Learning to cooperate

July 21, 2008
An important development in the geopolitics of oil has largely escaped notice where it should be big news: in the US.

An important development in the geopolitics of oil has largely escaped notice where it should be big news: in the US. Oil-exporting countries for many years have been calling for cooperation between themselves and major importers. Progress is evident. But little has been said about it in the world’s largest energy consumer.

Traditional arguments against cooperation, most of them based on righteous allegiance to market ideology, are losing their bite. Governments own most of the world’s oil reserves. National oil companies compete for investment opportunities, in their home countries and abroad, from positions of growing strength and sophistication. Private and political interests thus intertwine as never before. While market forces always prevail, many governments have new financial power with which to press their energy ambitions—and diminishing reluctance to use it.

Straining relationships

In many ways, and in many highly visible cases, this newly complex public-private dynamic strains historic relationships. But forces for cohesion also are at work. Economic development and the attendant social comforts have made major oil exporters as dependent on oil sales as major consumers are on purchases. Economic interdependency creates strong bonds.

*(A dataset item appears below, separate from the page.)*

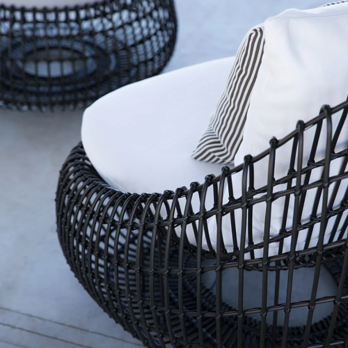 Превосходная эстетика коллекции Vino обусловлена прекрасным обрамлением и инновационными технологиями. Широко открытый узор плетения не позволяет этой просторной раме чувствовать себя тяжелой, она настолько же прочна, насколько и красива. Изделия коллекции изготовлені из алюминия и волокна JANUS, сотканного вручную. Эффектные изделия Vino Lava или Nimbus созданы для изысканных пространств как внутри, так и снаружи.

And clear-sighted buyers and sellers can see that meeting future energy demand will be difficult. Global energy consumers will require not just more oil but also supplemental supply from other energy sources as well as mitigation of the environmental consequences. The required investments are staggering in size and duration. Timing is crucial. That the capital be committed in required amounts soon enough to make future supply available when it’s needed serves the interests as much of consumers as of investors. Like a healthy market accessible by all buyers and sellers of oil, a steady investment climate is a goal in which oil producers and consumers can find common ground.

Indeed, efforts toward cooperation are under way. Last month, a formal “energy dialog” between the European Union and Organization of Petroleum Exporting Countries held its fifth annual ministerial-level meeting. The “dialog” is addressing issues such as refining capacity, the effects of financial markets on oil prices, technology, the effects of biofuels on refining, and carbon capture and storage.

Also in June, international leaders—including US Energy Sec. Samuel Bodman—met in Jeddah, Saudi Arabia, under the auspices of the International Energy Agency, International Energy Forum, and OPEC to discuss the recent surge in oil prices. In a statement after the meeting, participants “recognized the importance” of spare upstream and downstream capacities; transparency and regulation of financial markets; the Joint Oil Data Initiative; cooperation between OPEC, the IEA, and IEF in reporting and analyzing oil market developments; aid to least-developed countries; cooperation in investment, technology, and human resource development; and promotion of energy efficiency.

It’s easy to dismiss these efforts as the endless meetings and hollow words of international diplomacy, from which little concrete results are likely. The efforts do, however, highlight tough issues in which producers and consumers share interests. They also represent a new level of cooperation between the governments of producing and consuming nations. Given the new realities of the oil and broader energy markets, that’s important.

Confrontational mood

In the US, however, the watchword is not cooperation but confrontation. Political discourse routinely treats OPEC as a demon and imported oil as economic poison rather than the unavoidable yet manageable necessity that it is. Politicians exploit baseless suspicions that all oil exporters harbor hostile intent toward the US. Too many energy discussions center on reminders that most of the US attackers on Sept. 11, 2001, came from Saudi Arabia. A confrontational mood has led the US into a blind rush after impossible energy hopes, such as economic growth without imported oil or, even more ludicrously, without any oil at all.

The US acts determined to sacrifice economic health to unreasonable wishes and thus, ironically, to squander unprecedented opportunities for development of supplemental energy supplies. The irony will be compounded if the country follows energy xenophobia down this desolate path while the rest of the world learns how to make cooperation work.